Action item. Exactly and only the lines from the one with "Примечание: TVTool, при" through the last line of the records need to be set down; please skip the pictures.

Supplied material.
───

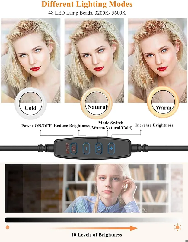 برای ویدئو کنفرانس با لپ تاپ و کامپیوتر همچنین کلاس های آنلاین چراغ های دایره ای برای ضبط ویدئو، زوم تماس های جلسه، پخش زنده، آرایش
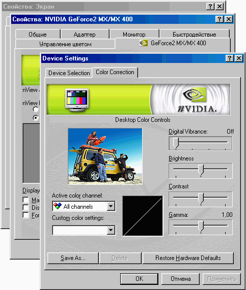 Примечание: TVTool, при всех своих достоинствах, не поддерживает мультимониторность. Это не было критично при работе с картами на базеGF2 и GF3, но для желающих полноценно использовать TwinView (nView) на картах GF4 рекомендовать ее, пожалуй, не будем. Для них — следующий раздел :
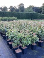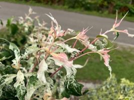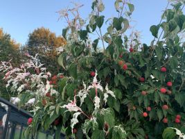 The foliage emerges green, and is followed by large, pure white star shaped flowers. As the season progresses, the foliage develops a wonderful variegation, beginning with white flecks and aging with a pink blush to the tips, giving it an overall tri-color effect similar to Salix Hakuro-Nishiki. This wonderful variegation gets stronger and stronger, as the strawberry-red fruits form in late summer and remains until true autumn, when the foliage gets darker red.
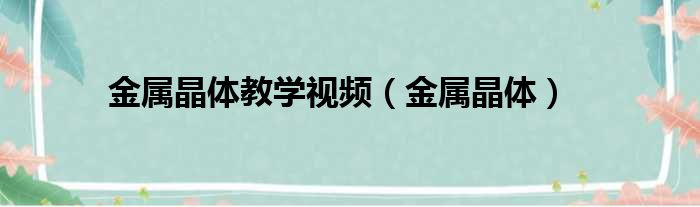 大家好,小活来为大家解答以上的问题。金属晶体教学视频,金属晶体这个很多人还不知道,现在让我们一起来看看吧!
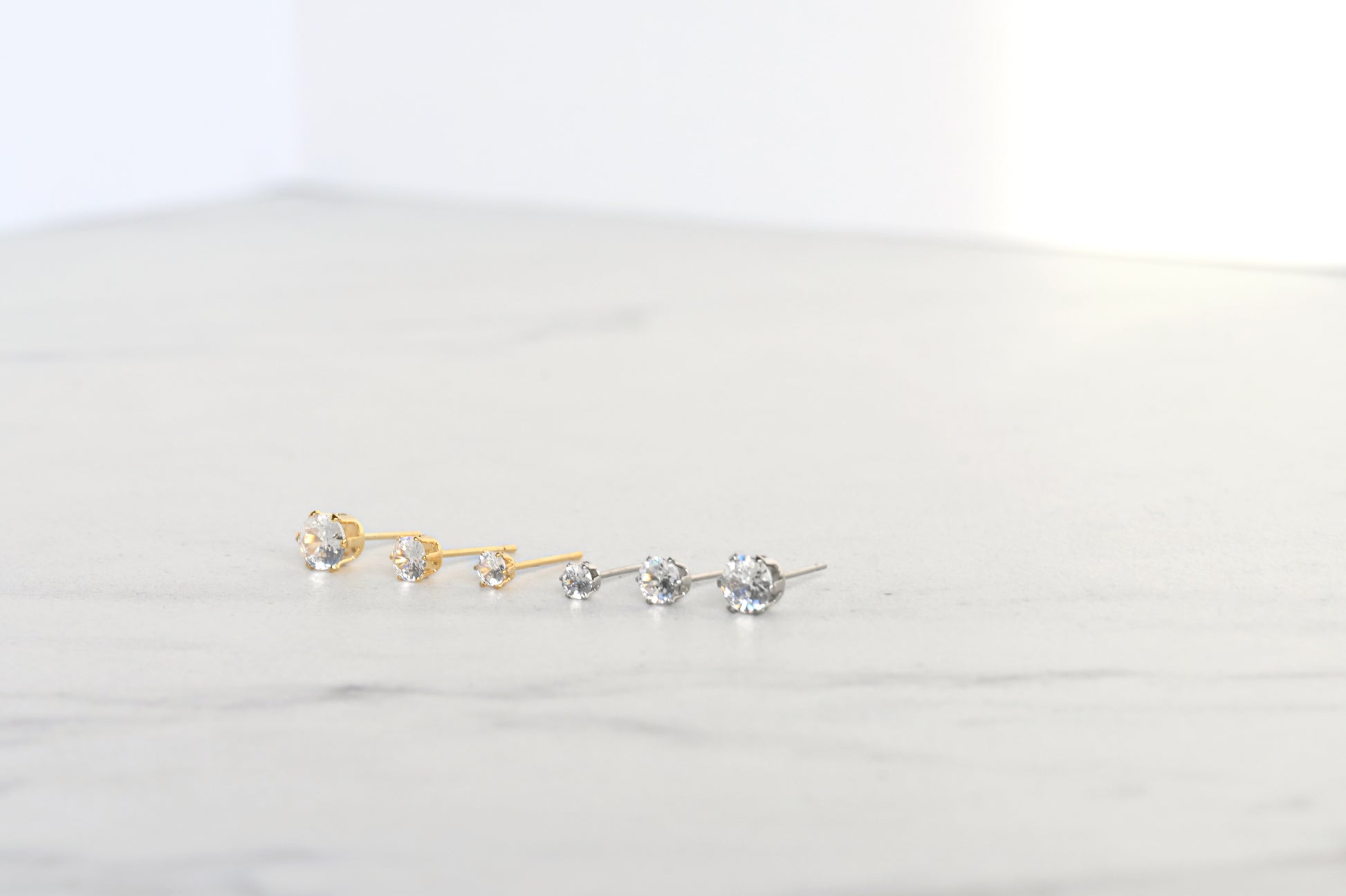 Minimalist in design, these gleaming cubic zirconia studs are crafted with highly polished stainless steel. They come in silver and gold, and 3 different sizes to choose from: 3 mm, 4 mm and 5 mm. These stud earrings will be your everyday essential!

───

Finished exercise.
 Примечание: TVTool, при всех своих достоинствах, не поддерживает мультимониторность. Это не было критично при работе с картами на базеGF2 и GF3, но для желающих полноценно использовать TwinView (nView) на картах GF4 рекомендовать ее, пожалуй, не будем. Для них — следующий раздел :
 The foliage emerges green, and is followed by large, pure white star shaped flowers. As the season progresses, the foliage develops a wonderful variegation, beginning with white flecks and aging with a pink blush to the tips, giving it an overall tri-color effect similar to Salix Hakuro-Nishiki. This wonderful variegation gets stronger and stronger, as the strawberry-red fruits form in late summer and remains until true autumn, when the foliage gets darker red.
 大家好,小活来为大家解答以上的问题。金属晶体教学视频,金属晶体这个很多人还不知道,现在让我们一起来看看吧!
 Minimalist in design, these gleaming cubic zirconia studs are crafted with highly polished stainless steel. They come in silver and gold, and 3 different sizes to choose from: 3 mm, 4 mm and 5 mm. These stud earrings will be your everyday essential!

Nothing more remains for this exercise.